**Material provided**
#####

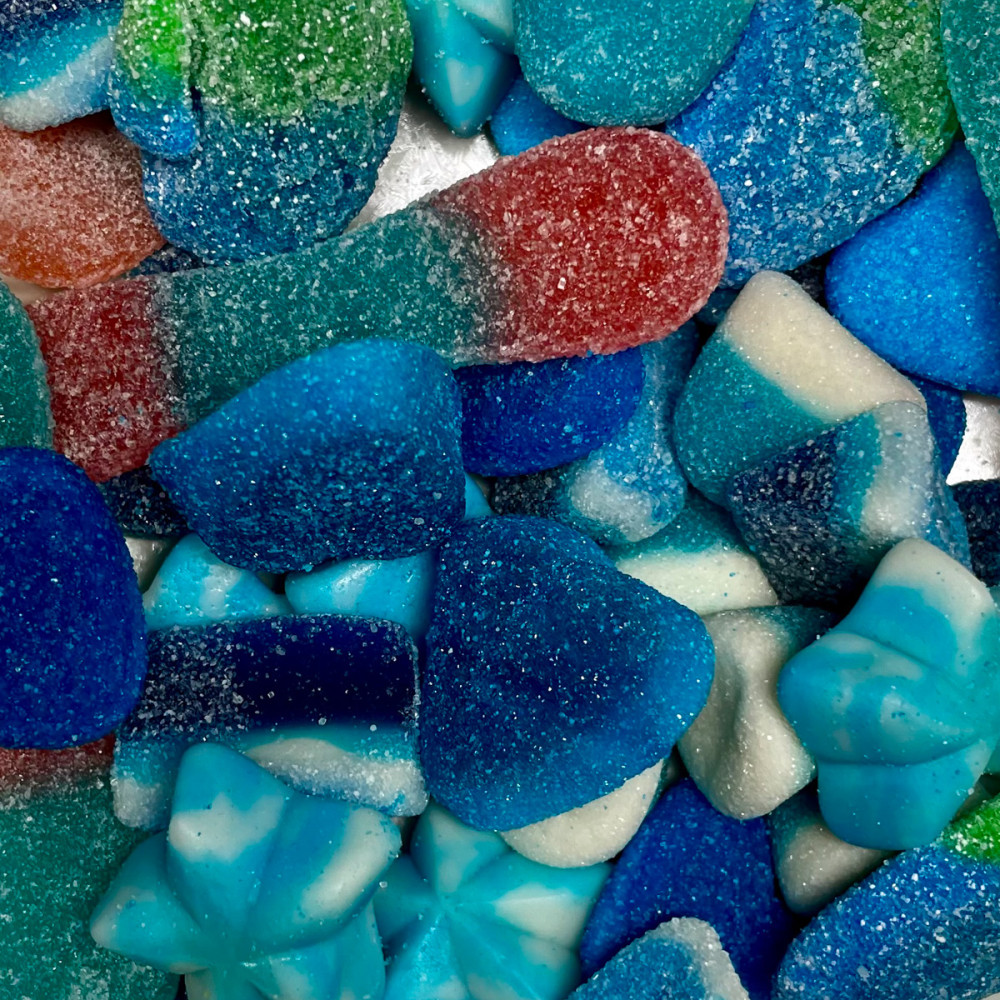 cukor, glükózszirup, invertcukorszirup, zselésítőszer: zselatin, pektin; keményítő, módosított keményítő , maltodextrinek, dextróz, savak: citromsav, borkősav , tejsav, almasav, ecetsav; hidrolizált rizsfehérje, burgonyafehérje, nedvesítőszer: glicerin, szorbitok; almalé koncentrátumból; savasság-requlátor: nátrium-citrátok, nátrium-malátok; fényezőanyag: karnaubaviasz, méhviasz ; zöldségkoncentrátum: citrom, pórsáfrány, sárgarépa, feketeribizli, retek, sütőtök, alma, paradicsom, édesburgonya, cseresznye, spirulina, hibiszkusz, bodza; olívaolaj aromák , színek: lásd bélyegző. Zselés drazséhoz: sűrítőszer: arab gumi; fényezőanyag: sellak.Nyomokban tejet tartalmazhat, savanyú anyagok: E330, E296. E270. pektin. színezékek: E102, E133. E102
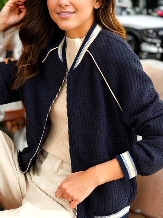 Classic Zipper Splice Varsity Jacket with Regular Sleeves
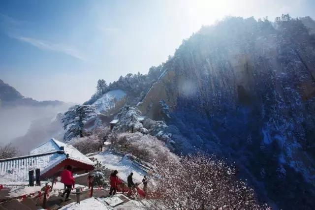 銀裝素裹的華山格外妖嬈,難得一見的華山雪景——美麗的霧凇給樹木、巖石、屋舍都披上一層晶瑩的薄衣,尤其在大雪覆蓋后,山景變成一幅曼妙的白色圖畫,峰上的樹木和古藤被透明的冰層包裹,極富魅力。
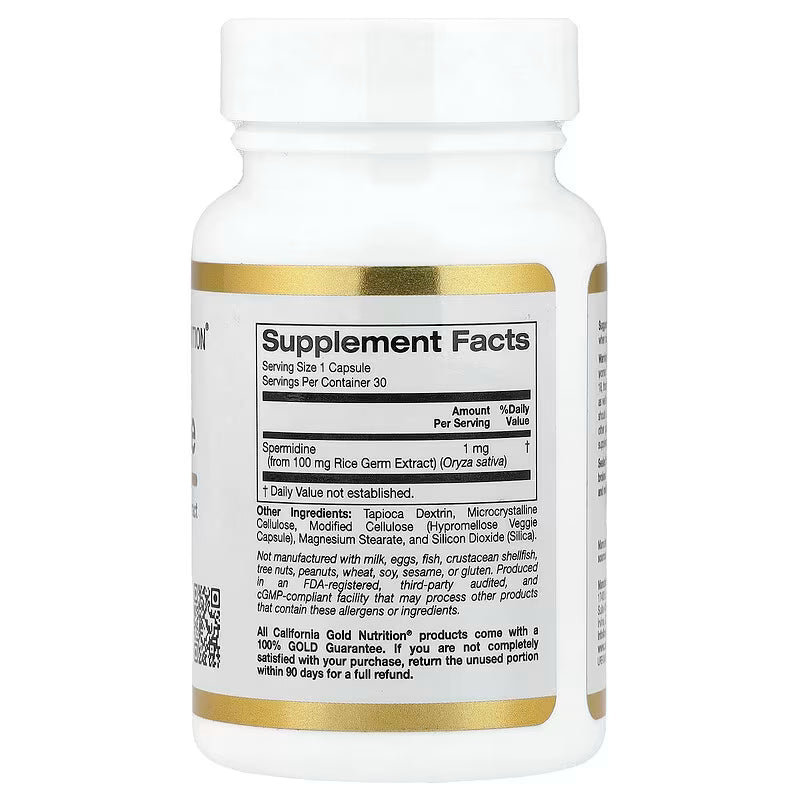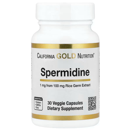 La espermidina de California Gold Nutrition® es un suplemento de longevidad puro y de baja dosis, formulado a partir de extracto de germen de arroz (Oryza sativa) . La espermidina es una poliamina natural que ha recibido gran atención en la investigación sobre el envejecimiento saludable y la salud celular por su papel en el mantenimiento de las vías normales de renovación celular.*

#####

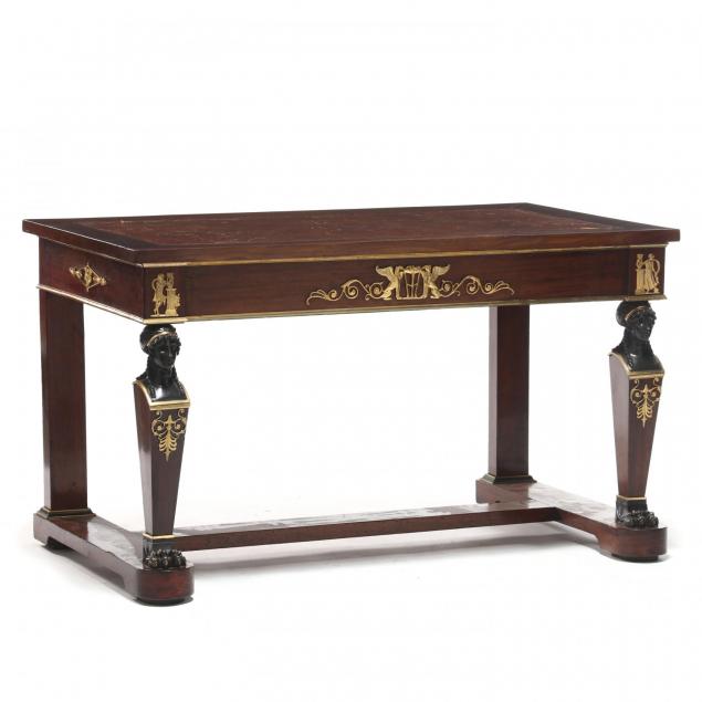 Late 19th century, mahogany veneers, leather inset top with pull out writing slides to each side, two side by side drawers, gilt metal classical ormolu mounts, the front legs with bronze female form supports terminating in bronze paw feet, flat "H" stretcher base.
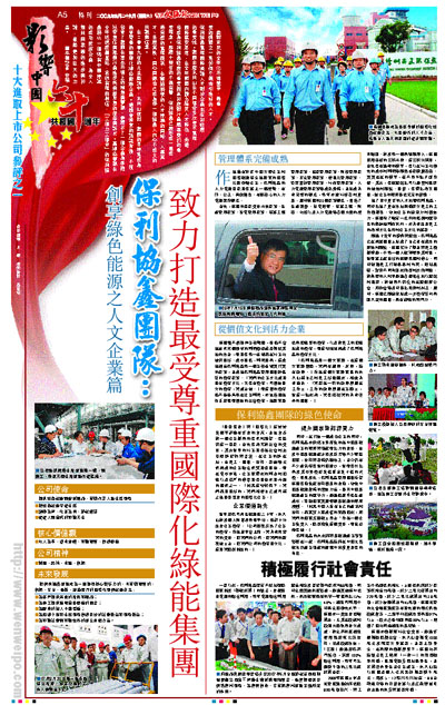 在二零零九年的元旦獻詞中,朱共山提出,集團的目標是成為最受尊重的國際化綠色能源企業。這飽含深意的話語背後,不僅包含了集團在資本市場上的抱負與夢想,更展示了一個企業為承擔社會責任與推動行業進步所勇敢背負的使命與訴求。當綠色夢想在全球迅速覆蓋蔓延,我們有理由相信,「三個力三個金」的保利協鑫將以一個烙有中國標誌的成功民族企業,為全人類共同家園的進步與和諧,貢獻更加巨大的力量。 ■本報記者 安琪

#####

Exact copy, pictures excluded: from the line with "Classic Zipper Splice" up to and including the line with "銀裝素裹的華山格外妖嬈,難得" in the data above.

 Classic Zipper Splice Varsity Jacket with Regular Sleeves
 銀裝素裹的華山格外妖嬈,難得一見的華山雪景——美麗的霧凇給樹木、巖石、屋舍都披上一層晶瑩的薄衣,尤其在大雪覆蓋后,山景變成一幅曼妙的白色圖畫,峰上的樹木和古藤被透明的冰層包裹,極富魅力。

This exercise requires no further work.